→ RECORDS FOR PROCESSING

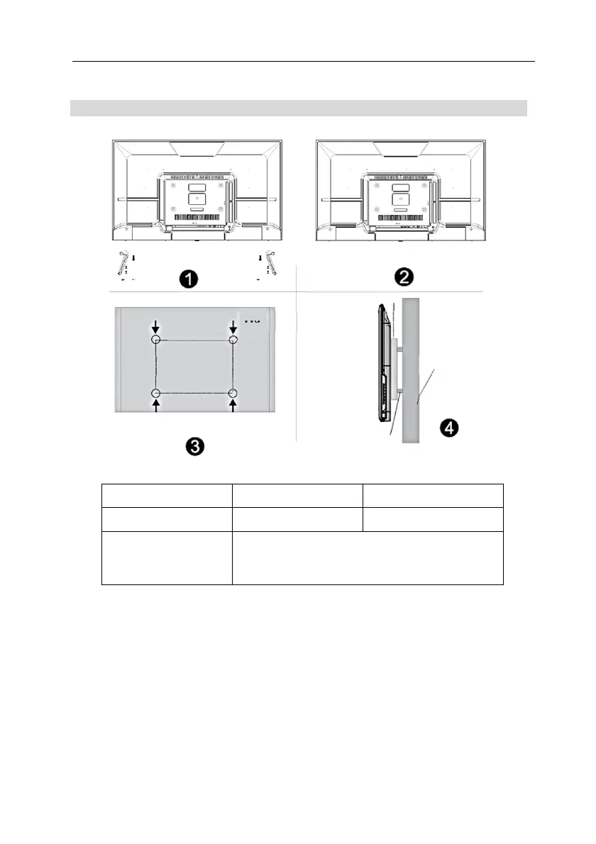 • Prije postavljanja TV prijamnika na zid, obavezno uklonite nogice ili stalak.
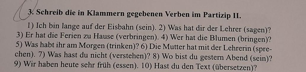 3. Schreib die in Klammern gegebenen Verben im Partizip II. 1) Ich bin lange auf der Eisbahn (sein). 2) Was hat dir der Lehrer (sagen)? 3) Er hat die Ferien zu Hause (verbringen). 4) Wer hat die Blumen (bringen) 5) Was habt ihr am Morgen (trinken)? 6) Die Mutter hat mit der Lehrerin (spre- chen). 7) Was hast du nicht (verstehen)? 8) Wo bist du gestem Abend (sein)? 9) Wir haben heute sehr früh (essen). 10) Hast du den Text (übersetzen)? Σας,
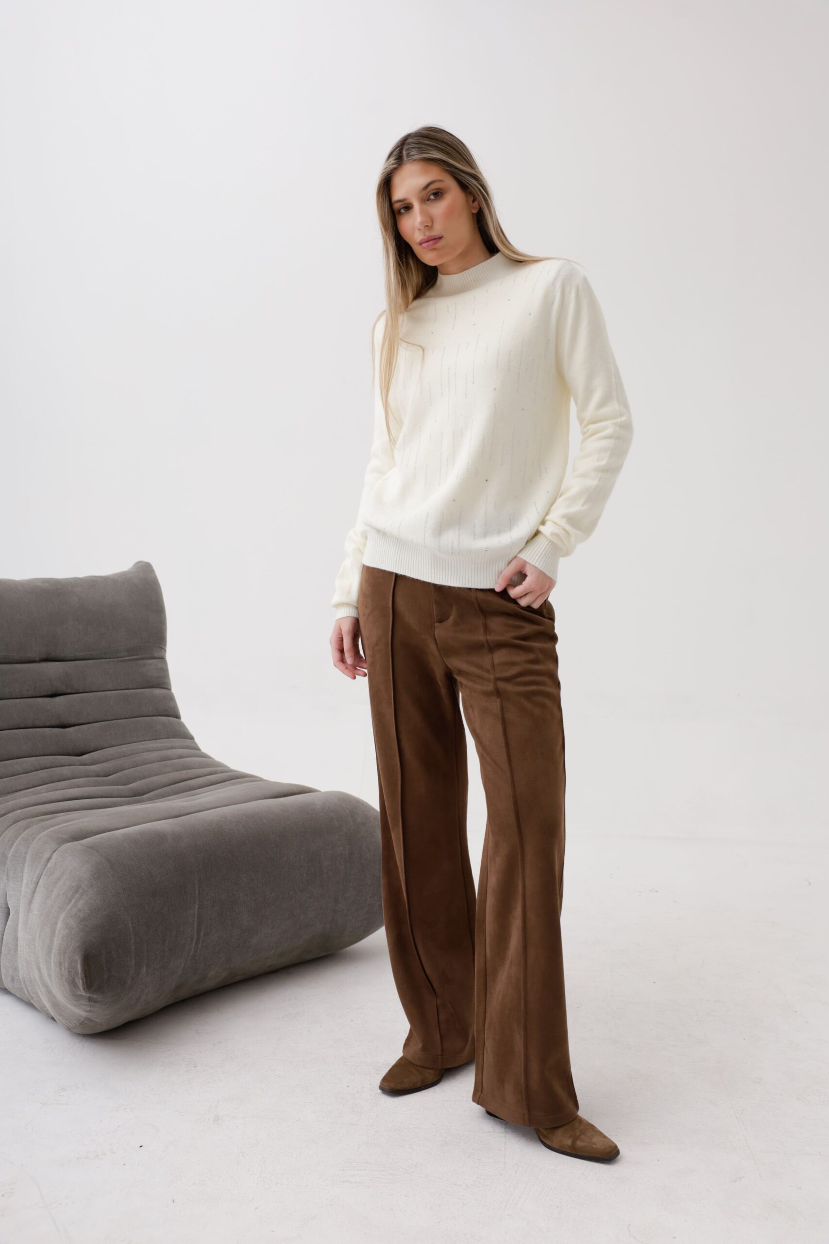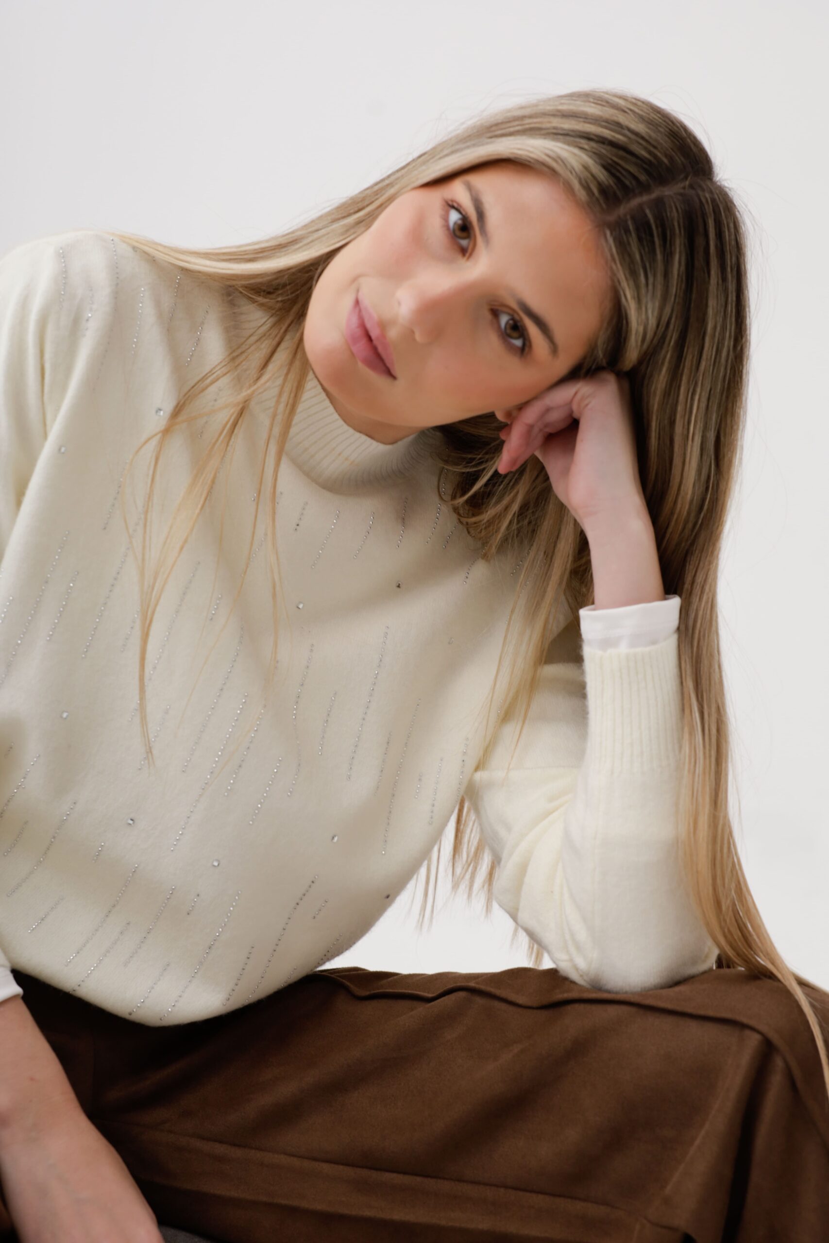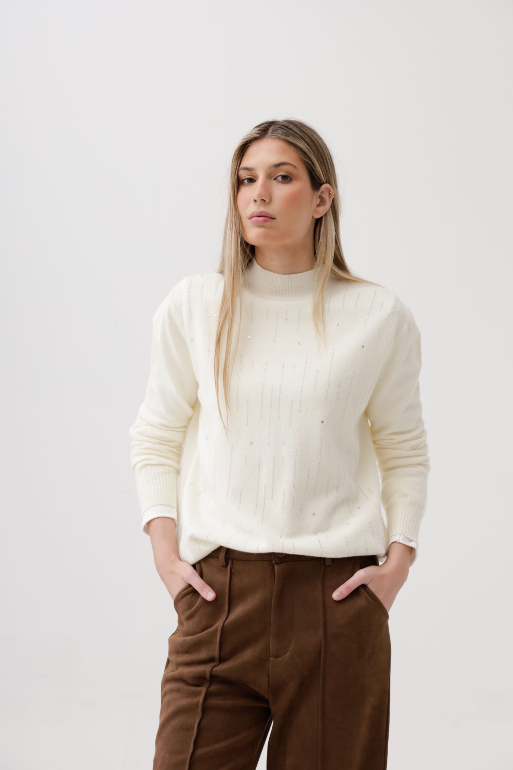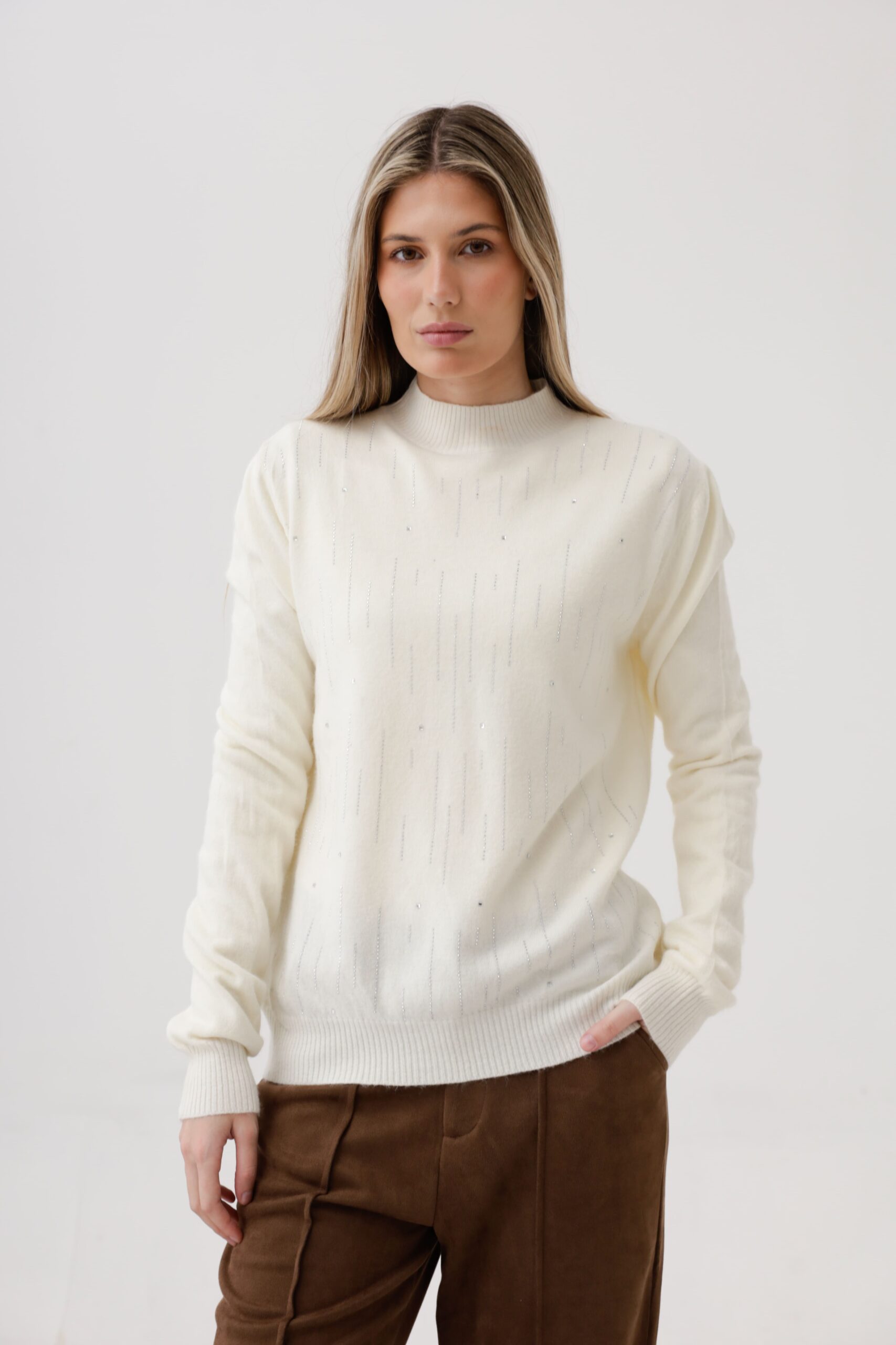 Media polera tejida de bremer con detalles de brillos
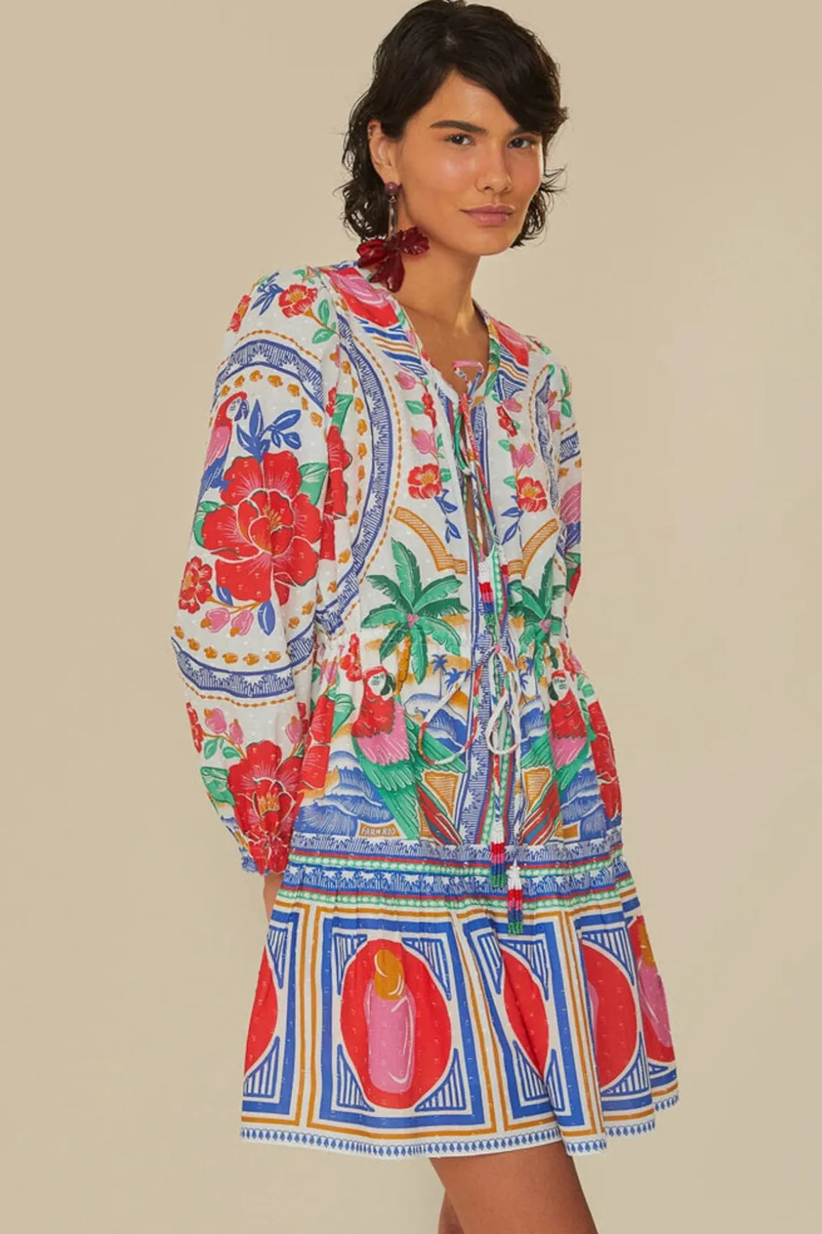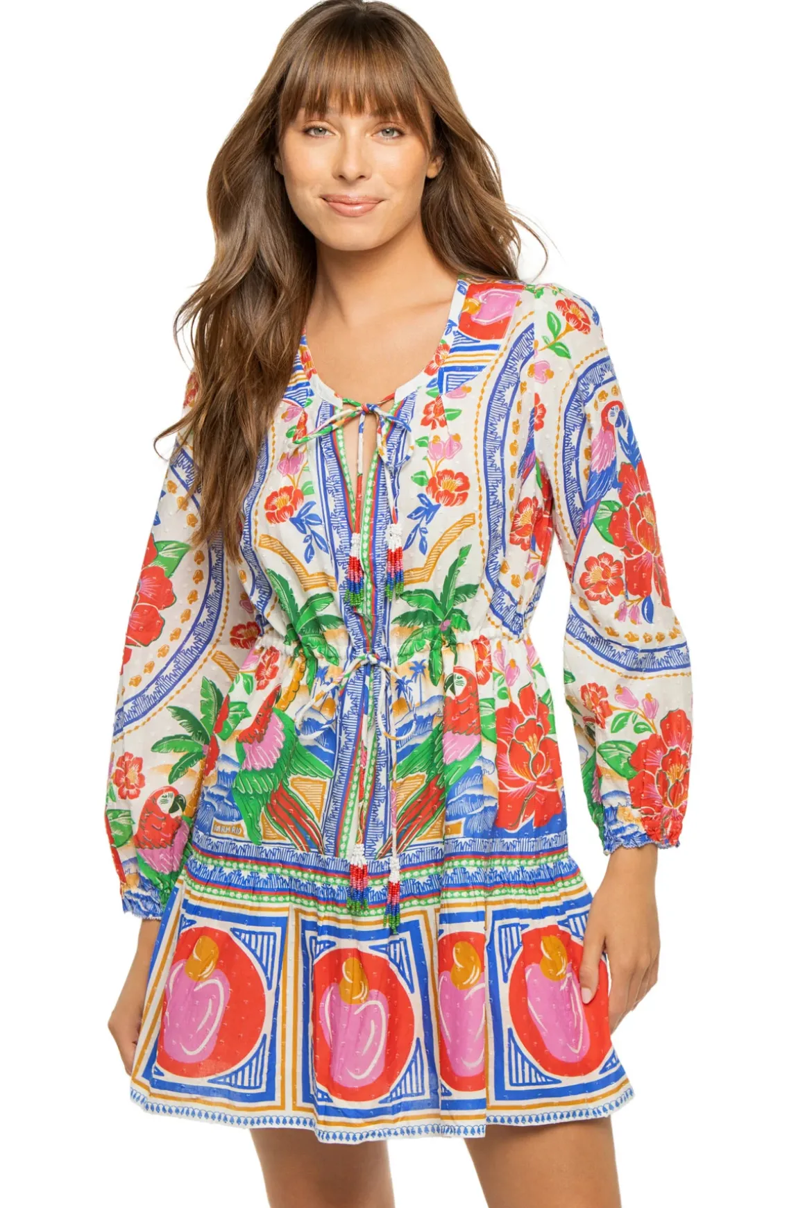 Mini dress features a bold tropical floral design, round neckline, and soft bell sleeves with a ruffled hem. Offers a cinched waist with drawstring ties.
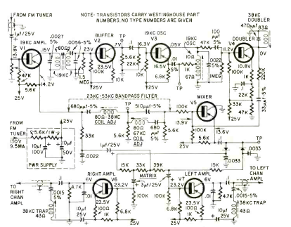 Este circuito fue encontrado en un artículo de la revista Radio Electronics de octubre de 1962. En aquella época, los decodificadores estéreo estaban en auge. El circuito es de tipo comercial.
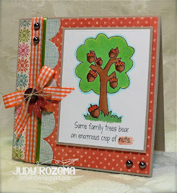 One of the new October releases at Whimsie Doodles is this adorable digital image called Family Nuts. I printed it out on X-Press Copic Blending cardstock and then colored in using Copic markers. I added some sparkle to the acorns with my Spica Glitter pens, but of course the photo doesn't want to show you that!
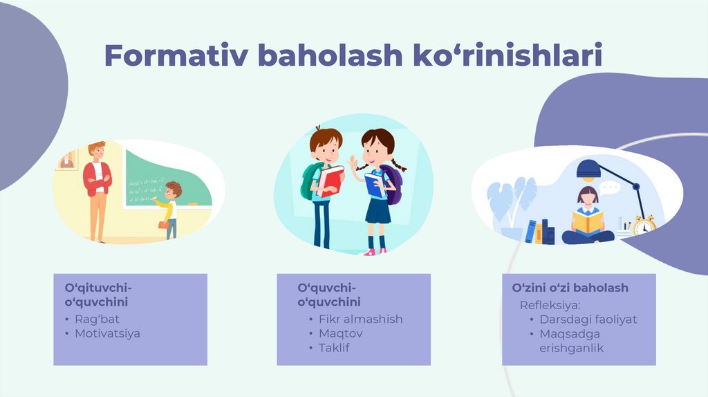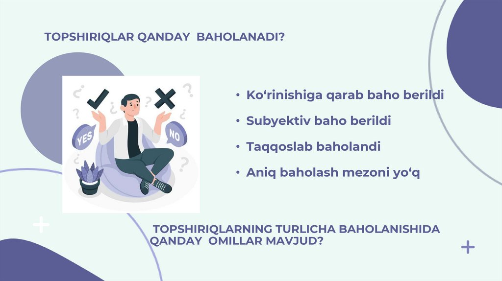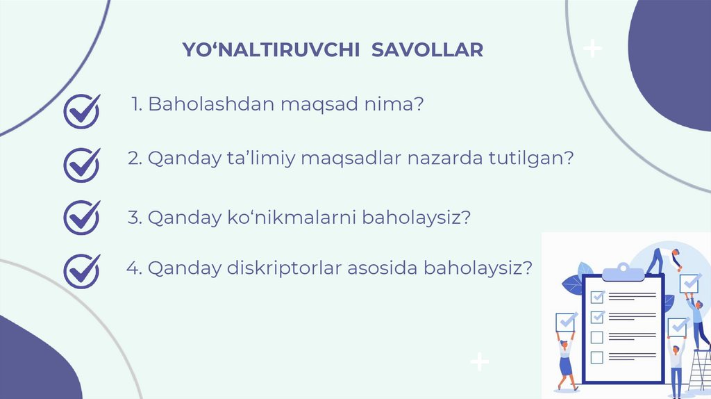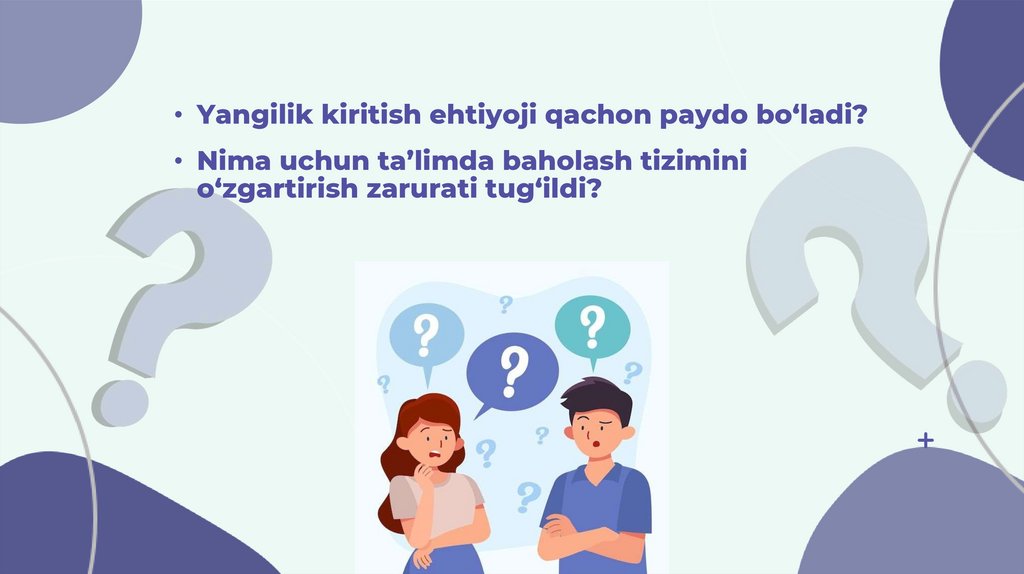 • Yangilik kiritish ehtiyoji qachon paydo bo‘ladi?• Nima uchun ta’limda baholash tizimini
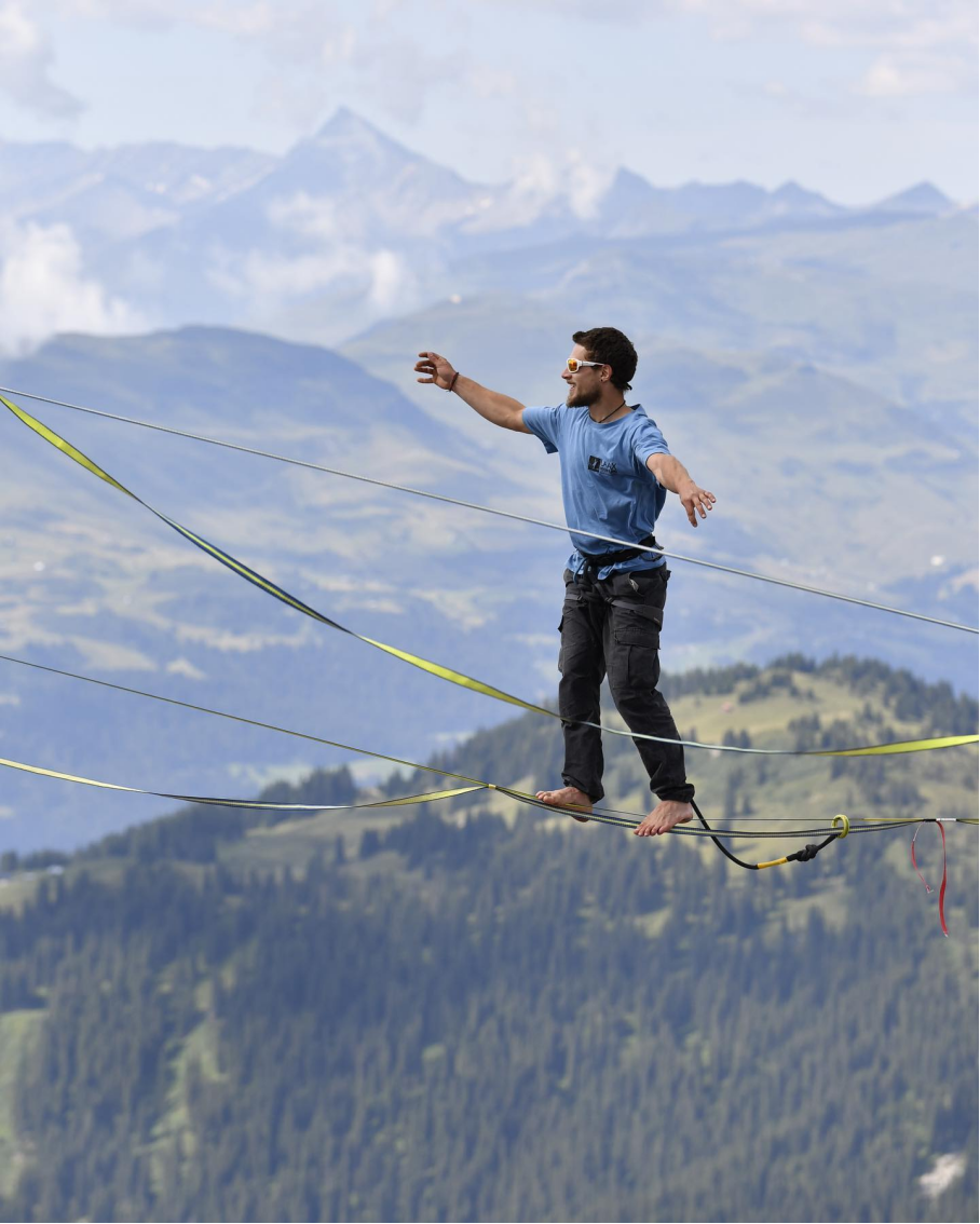 A flat belt, which sets up valleys and rivers, carries a belief. It is a game for the brave, a process of overcoming fear, constantly challenging balance and nature, and a new and unknown way of walking.

→ WORK INSTRUCTION
Everything in the listing above is to be given again exactly, apart from the pictures.

→ ANSWER BOX
 • Prije postavljanja TV prijamnika na zid, obavezno uklonite nogice ili stalak.
 3. Schreib die in Klammern gegebenen Verben im Partizip II. 1) Ich bin lange auf der Eisbahn (sein). 2) Was hat dir der Lehrer (sagen)? 3) Er hat die Ferien zu Hause (verbringen). 4) Wer hat die Blumen (bringen) 5) Was habt ihr am Morgen (trinken)? 6) Die Mutter hat mit der Lehrerin (spre- chen). 7) Was hast du nicht (verstehen)? 8) Wo bist du gestem Abend (sein)? 9) Wir haben heute sehr früh (essen). 10) Hast du den Text (übersetzen)? Σας,
 Media polera tejida de bremer con detalles de brillos
 Mini dress features a bold tropical floral design, round neckline, and soft bell sleeves with a ruffled hem. Offers a cinched waist with drawstring ties.
 Este circuito fue encontrado en un artículo de la revista Radio Electronics de octubre de 1962. En aquella época, los decodificadores estéreo estaban en auge. El circuito es de tipo comercial.
 One of the new October releases at Whimsie Doodles is this adorable digital image called Family Nuts. I printed it out on X-Press Copic Blending cardstock and then colored in using Copic markers. I added some sparkle to the acorns with my Spica Glitter pens, but of course the photo doesn't want to show you that!
 • Yangilik kiritish ehtiyoji qachon paydo bo‘ladi?• Nima uchun ta’limda baholash tizimini
 A flat belt, which sets up valleys and rivers, carries a belief. It is a game for the brave, a process of overcoming fear, constantly challenging balance and nature, and a new and unknown way of walking.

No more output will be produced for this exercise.